I tested the notebook with my AWS re:Invent 2024 sesion [AI self-service support with knowledge retrieval using PostgreSQL](https://www.youtube.com/watch?v=fpi3awGakyg?trk=fccf147c-636d-45bf-bf0a-7ab087d5691a&sc_channel=video). 

I ask for Aurora and it brings me images and texts where it mentions:

![Diagram](data/cosine.png)

```bash
text:
memory . A place where all the information is stored and can easily be retrievable , and that's where the vector database comes in . This is the the first building block . And a vector database stores and retrieves data in the form of vector embeddeds or mathematical representations . This allows us to find similarities between data rather than relying on the exact keyword match that is what usually happens up to today . This is essential for systems like retrieval ofmented generation or RAC , which combines external knowledge with the AI response to deliver those accurate and context aware response . And by the way , I think yesterday we announced the re-rank API for RAC . So now your rack applications , you can score and it will prioritize those documents that have the most accurate information . So at the end will be even faster and cheaper building rack . We're gonna use Amazon Aurora postgrade SQL with vector support that will give us a scalable and fully managed solution for our AI tasks .
similarity:0.5754164493071239
metadata:{"speaker":"spk_0","second":321}
```


In [None]:
search_query = "aurora"
docs = retrieve(search_query, how="cosine", k=10)

In [None]:
search_vector = embedding_generation.get_embeddings(search_query)
result = aurora.similarity_search(search_vector,how="cosine", k=3)

In [None]:
rows = json.loads(result.get("formattedRecords"))

In [None]:
search_query = "elizabeth"
docs = retrieve(search_query, how="l2", k=10)

## RAG Implementation

Finally, the notebook implements a complete RAG system:
- `CustomMultimodalRetriever`: A custom retriever class that extends BaseRetriever
- `_get_relevant_documents()`: Core retrieval method that finds similar content
- `image_content_block()`: Formats image content for LLM consumption
- `text_content_block()`: Formats text content for LLM consumption
- `parse_docs_for_context()`: Processes documents for context (text and images)
- `ThinkingLLM`: Uses an LLM to answer questions based on retrieved content

> Based on https://github.com/langchain-ai/langchain/blob/master/docs/docs/how_to/custom_retriever.ipynb



In [None]:
from typing import List

from langchain_core.callbacks import CallbackManagerForRetrieverRun
from langchain_core.documents import Document
from langchain_core.retrievers import BaseRetriever

class CustomMultimodalRetriever(BaseRetriever):
    """A retriever that contains the top k documents that contain the user query.
    query could be text or image_bytes
    """
    k: int
    """Number of top results to return"""
    how: str
    """How to calculate the similarity between the query and the documents."""

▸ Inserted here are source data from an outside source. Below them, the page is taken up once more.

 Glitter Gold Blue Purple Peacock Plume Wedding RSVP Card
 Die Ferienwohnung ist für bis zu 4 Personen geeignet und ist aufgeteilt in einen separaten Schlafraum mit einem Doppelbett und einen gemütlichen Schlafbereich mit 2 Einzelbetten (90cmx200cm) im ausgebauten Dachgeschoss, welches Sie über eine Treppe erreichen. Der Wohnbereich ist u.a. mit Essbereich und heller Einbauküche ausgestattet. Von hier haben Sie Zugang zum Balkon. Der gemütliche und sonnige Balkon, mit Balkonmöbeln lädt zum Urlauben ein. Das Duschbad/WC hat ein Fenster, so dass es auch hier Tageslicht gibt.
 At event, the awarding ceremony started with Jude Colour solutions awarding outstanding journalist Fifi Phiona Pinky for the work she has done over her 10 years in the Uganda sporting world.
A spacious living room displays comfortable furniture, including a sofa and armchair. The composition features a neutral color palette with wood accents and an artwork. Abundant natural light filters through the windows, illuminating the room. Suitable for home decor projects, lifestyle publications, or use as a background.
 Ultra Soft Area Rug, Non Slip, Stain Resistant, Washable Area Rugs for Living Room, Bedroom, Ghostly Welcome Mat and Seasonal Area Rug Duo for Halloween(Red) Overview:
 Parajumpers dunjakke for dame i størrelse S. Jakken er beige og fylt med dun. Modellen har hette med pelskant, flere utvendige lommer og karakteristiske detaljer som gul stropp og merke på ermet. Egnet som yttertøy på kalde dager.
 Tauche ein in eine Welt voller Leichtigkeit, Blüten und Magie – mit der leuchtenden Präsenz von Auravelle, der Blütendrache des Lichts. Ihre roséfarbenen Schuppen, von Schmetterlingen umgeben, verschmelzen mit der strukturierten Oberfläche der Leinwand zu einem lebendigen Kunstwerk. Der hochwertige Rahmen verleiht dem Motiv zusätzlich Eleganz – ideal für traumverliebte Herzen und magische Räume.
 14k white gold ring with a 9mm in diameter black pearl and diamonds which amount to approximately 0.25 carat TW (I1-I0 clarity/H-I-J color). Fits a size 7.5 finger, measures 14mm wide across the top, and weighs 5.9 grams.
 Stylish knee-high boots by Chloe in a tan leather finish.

    def _get_relevant_documents(
        self, query: str, *, run_manager: CallbackManagerForRetrieverRun
    ) -> List[Document]:
        """Sync implementations for retriever."""
        search_vector = embedding_generation.get_embeddings(query)
        result = aurora.similarity_search(search_vector, how=self.how, k=self.k)
        rows = json.loads(result.get("formattedRecords"))

        matching_documents = []

        for row in rows:
            document_kwargs = dict(
                metadata=dict(**json.loads(row.get("metadata")), content_type = row.get("content_type"), source=row.get("sourceurl")))
            
            if self.how == "cosine":
                document_kwargs["similarity"] = row.get("similarity")
            elif self.how == "l2":
                document_kwargs["distance"] = row.get("distance")

            if row.get("content_type") == "text":
                matching_documents.append( Document( page_content=row.get("chunks"), **document_kwargs ))
            if row.get("content_type") == "image":
                matching_documents.append( Document( page_content=row.get("source"),**document_kwargs ))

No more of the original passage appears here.